How big can the correction factors get? In some places the corrections due to the shape of the sea or basin completely overwhelm the direct effect of the moon. For example, in the Gulf of Mexico there is sometimes only one tide in a day. In Veracruz, on May 6, there is predicted to be a high tide at 4:47am, and the next high tide will not be until May 7 at 5:53am. Don’t you agree it is nicer here on the coast of Oaxaca, with its two high tides a day?

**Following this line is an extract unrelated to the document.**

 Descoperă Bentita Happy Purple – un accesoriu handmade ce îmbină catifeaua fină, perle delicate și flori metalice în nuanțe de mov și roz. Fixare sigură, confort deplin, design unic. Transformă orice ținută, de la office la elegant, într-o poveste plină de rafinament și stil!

Back to the surfers. Where do those waves come from? Remarkably, waves may start from winds or storms many days earlier and in distant locations. The swells created by the winds travel unimpeded through thousands of miles of clear, calm weather and turn into breakers only when they approach the shore. Waves that started out in various places all over the world are hitting the beach near you right now, but the largest and strongest swells are the only ones that you can notice. If you go to the website ( www.surfline.com/surf-forecasts/mainlandmexico/huatulco-area_16175 y ) you can find forecasted surf heights up to 14 days from now. The predictions for the next few days are based on storms that already happened, and the wave swells are already on their way here. But forecasted surf heights for Huatulco more than 7 days from now are based on forecasted weather all over the globe – the predicted surf levels will come from storms that haven’t even happened yet! Avid surfers keep their boards and other equipment packed, and they follow the forecasts on the internet for their favorite beaches. The forecasts are good enough that they can purchase airline tickets, finish up their urgent work at home, take a flight to their destination, and enjoy the highest swells – along with hundreds of others who used the same websites!

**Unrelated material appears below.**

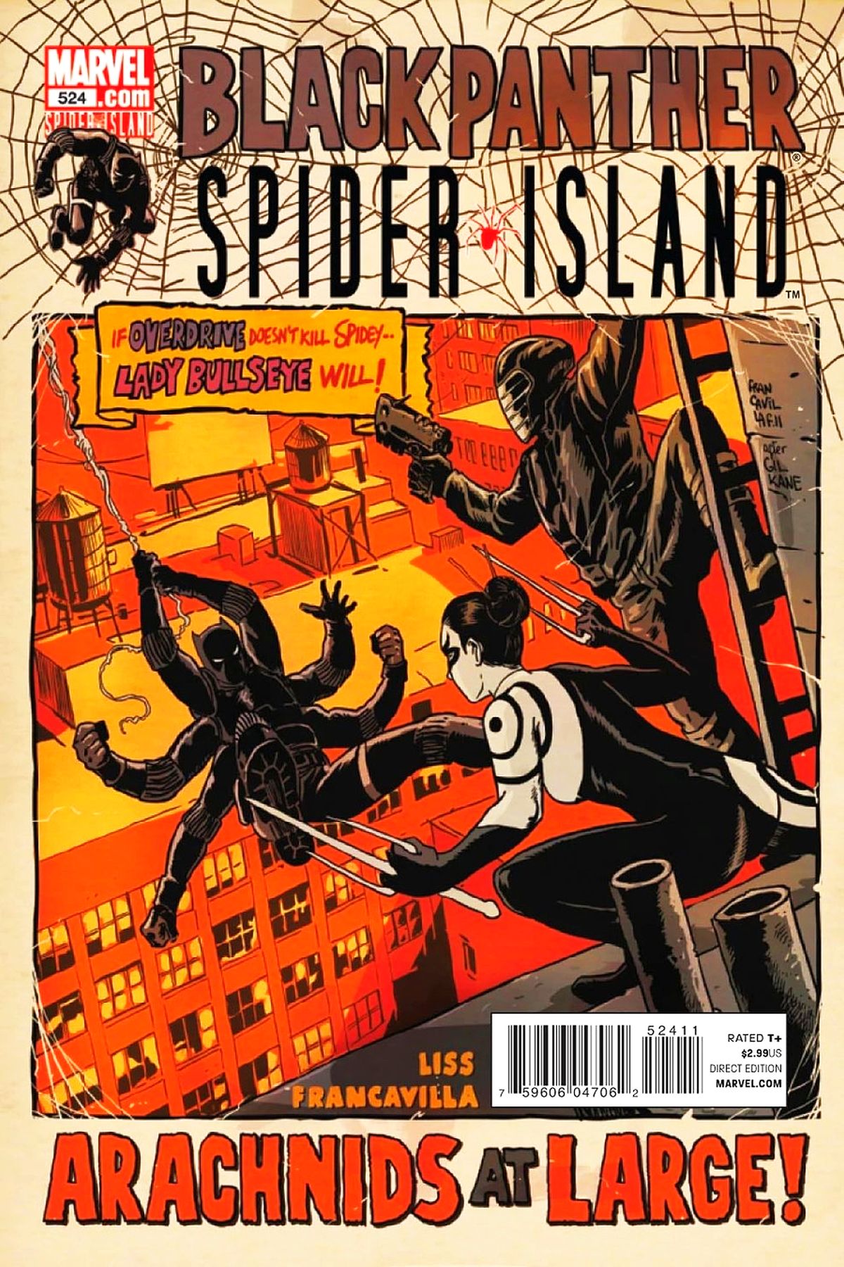 Written by DAVID LISS Pencils & Cover by FRANCESCO FRANCAVILLA SPIDER-ISLAND TIE-IN! First it was American Panther, now it's?Six-Armed Panther? The arachnid infection griping Manhattan hits T'Challa, but that doesn't mean he'll stop trying to protect Hell's Kitchen! And when Overdrive breaks into the quarantine zone, your friendly neighborhood Spider-Panther swings into a deadly race across the streets of New York City. What has the Spidey villain stolen that's worth smashing through a hero-protected border, and why is the lethal Lady Bullseye trying to keep him from getting back out? 32 PGS./Rated T+

The very highest waves should be avoided by surfers at all costs – and every other living being. Those are tsunamis or, as they are incorrectly called, tidal waves. When a strong earthquake occurs on the ocean floor, the seizures of the earth below the ocean can start a massive amount of water waving outward from the epicenter.

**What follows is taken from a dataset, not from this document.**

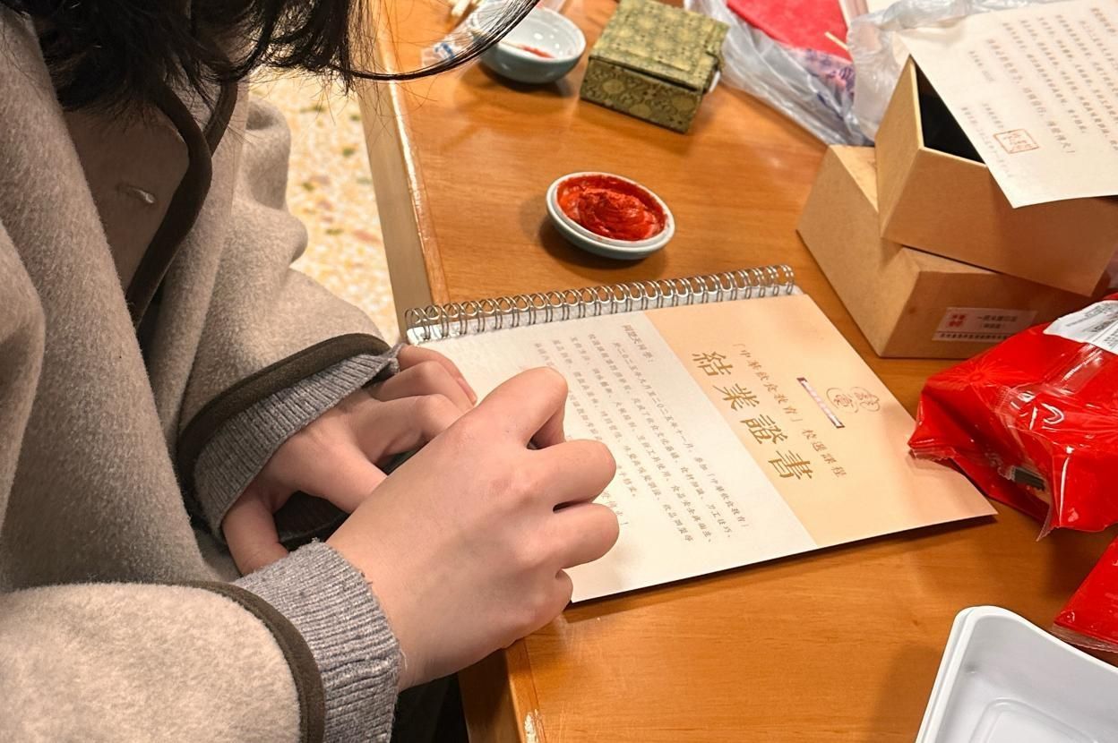 为表彰同学们的积极参与和学习成果,授课老师精心准备了定制结业证书。证书上的文字不仅承载着对大家的肯定,更寄托着对中华饮食文化传承的期许。活动尾声,全体师生共同合影留念,镜头定格下一张张洋溢着笑容的脸庞。随着 “中华饮食教育结课啦!”的响亮口号响彻现场,此次《中华饮食教育》课程在温馨欢乐的氛围中画上圆满句号。

On the surface of the ocean, the swells produced by millions of kilograms of moving water may not appear to be any larger than those produced by winds. But they are moving with tremendous force, often at extraordinarily high rates and can travel across thousands of miles. When they reach land, the force propels much of the water close to the shore far inland. The water than sweeps virtually anything in its path relatively far back to sea and then, after a seemingly endless pause, rushes back inland again once or twice more. Fortunately, tsunami monitors are being placed over more and more of the oceans and the size, speed and directions of these seismic waves can be gauged. The tsunami’s exact destination and size are determined by other factors as well, such as the shape of the coastline, so prediction is not an exact science Tsunamis are very rare events on the Oaxacan Riviera. Most of our waves range from gentle to large swells enjoyed by surfers. So settle down with a cervaza on one of our glorious beaches to watch the waves and the tides rise and fall. But be careful, this wonderful activity can be addictive.
Jan and Marcia Chaiken live in view of the ocean in Huatulco and far inland in Ashland, Oregon.